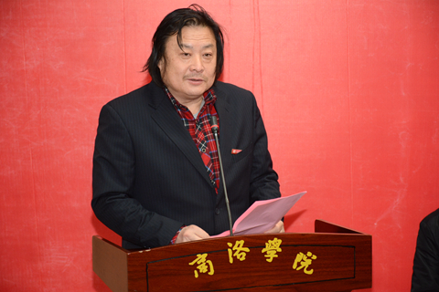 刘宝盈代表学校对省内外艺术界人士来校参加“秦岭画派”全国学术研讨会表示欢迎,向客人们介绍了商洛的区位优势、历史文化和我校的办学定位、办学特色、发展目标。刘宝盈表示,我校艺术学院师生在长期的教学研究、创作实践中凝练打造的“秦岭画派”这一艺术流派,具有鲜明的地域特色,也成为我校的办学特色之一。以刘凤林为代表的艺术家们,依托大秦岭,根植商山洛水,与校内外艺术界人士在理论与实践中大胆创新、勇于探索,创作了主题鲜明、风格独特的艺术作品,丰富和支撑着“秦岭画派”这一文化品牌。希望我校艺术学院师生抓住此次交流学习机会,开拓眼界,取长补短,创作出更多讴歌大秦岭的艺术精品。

---

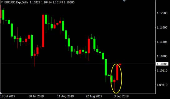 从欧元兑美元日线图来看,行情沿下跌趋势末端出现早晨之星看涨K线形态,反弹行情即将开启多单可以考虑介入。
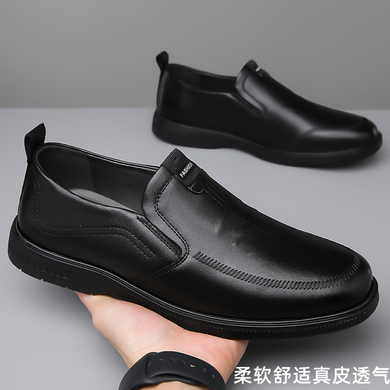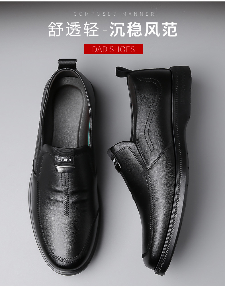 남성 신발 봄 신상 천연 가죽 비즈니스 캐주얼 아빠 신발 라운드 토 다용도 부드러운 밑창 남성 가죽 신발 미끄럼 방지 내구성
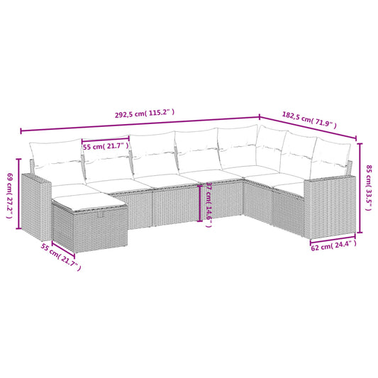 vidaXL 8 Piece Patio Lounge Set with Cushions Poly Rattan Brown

==

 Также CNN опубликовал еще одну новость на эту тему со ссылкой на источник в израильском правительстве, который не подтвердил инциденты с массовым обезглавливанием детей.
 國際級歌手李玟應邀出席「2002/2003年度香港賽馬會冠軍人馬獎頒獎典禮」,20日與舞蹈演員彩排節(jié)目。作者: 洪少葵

• Exercise details: Start at the line above containing "从欧元兑美元日线图来看,行情" and stop at the line containing "vidaXL 8 Piece": print those lines and everything between them exactly, but not the pictures.

• Completed task:
 从欧元兑美元日线图来看,行情沿下跌趋势末端出现早晨之星看涨K线形态,反弹行情即将开启多单可以考虑介入。
 남성 신발 봄 신상 천연 가죽 비즈니스 캐주얼 아빠 신발 라운드 토 다용도 부드러운 밑창 남성 가죽 신발 미끄럼 방지 내구성
 vidaXL 8 Piece Patio Lounge Set with Cushions Poly Rattan Brown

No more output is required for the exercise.